## Exercise brief
Print the lines of the listing below verbatim from its first line through the line bearing "Utvikle fargegjenkjenning og". Any pictures are to be omitted.

## Provided material

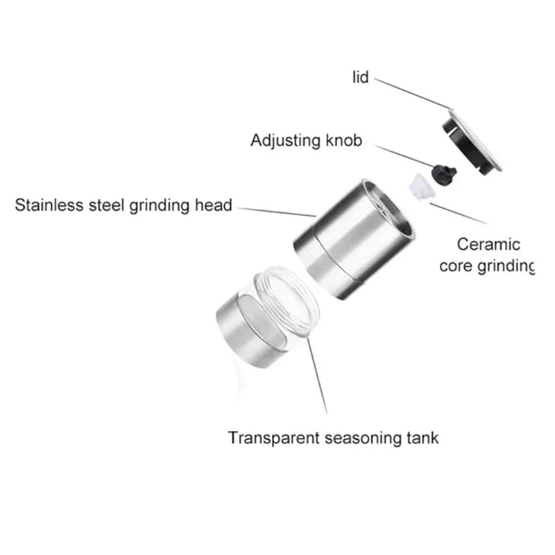 - Grinds coarse salt, peppercorns, herbs and spices.
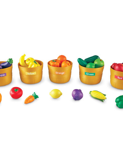 Utvikle fargegjenkjenning og sorteringsferdigheter med kurver med realistiske råvarer i riktig størrelse. Perfekt for fantasifull lek og ernæringsundervisning.
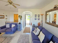 ***South Facing with Stunning Views*** This beautifully presented south-facing townhouse in the established urbanisation of Doña Pilar, Manilva, offers stunning sea and countryside views just five minutes from the coast and on the edge of Manilva Village. The spacious 3-bedroom, 2.5-bathroom home is situated in a peaceful setting and benefits from access to a communal pool and gardens. The entrance opens into a multi-level living area, flooded with natural light from several south-facing patio doors. The open layout creates a welcoming flow between the living room, dining area, and fully fitted kitchen. A guest WC and a handy storage cupboard are also located on this level. The current owners have enhanced the home with an upper terrace that enjoys panoramic views over the vineyards of Manilva and the Mediterranean Sea. Descending the elegant marble staircase leads to three generously sized bedrooms, with ample wardrobe storage. The master suite includes a dressing room and en-suite bathroom, while all bedrooms have direct access to a private lower terrace—a secluded suntrap perfect for enjoying the Andalusian climate. Offered fully furnished, its idyllic location, stunning views, and move-in ready condition, this property is a rare gem in the Manilva area. -OP8860719-
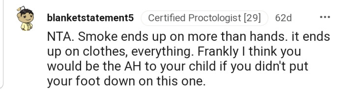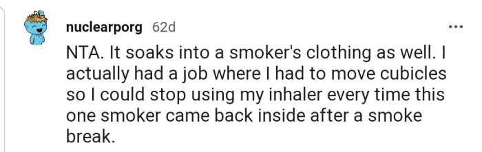 "NTA. It soaks into a smoker's clothing as well."

## Task response
 - Grinds coarse salt, peppercorns, herbs and spices.
 Utvikle fargegjenkjenning og sorteringsferdigheter med kurver med realistiske råvarer i riktig størrelse. Perfekt for fantasifull lek og ernæringsundervisning.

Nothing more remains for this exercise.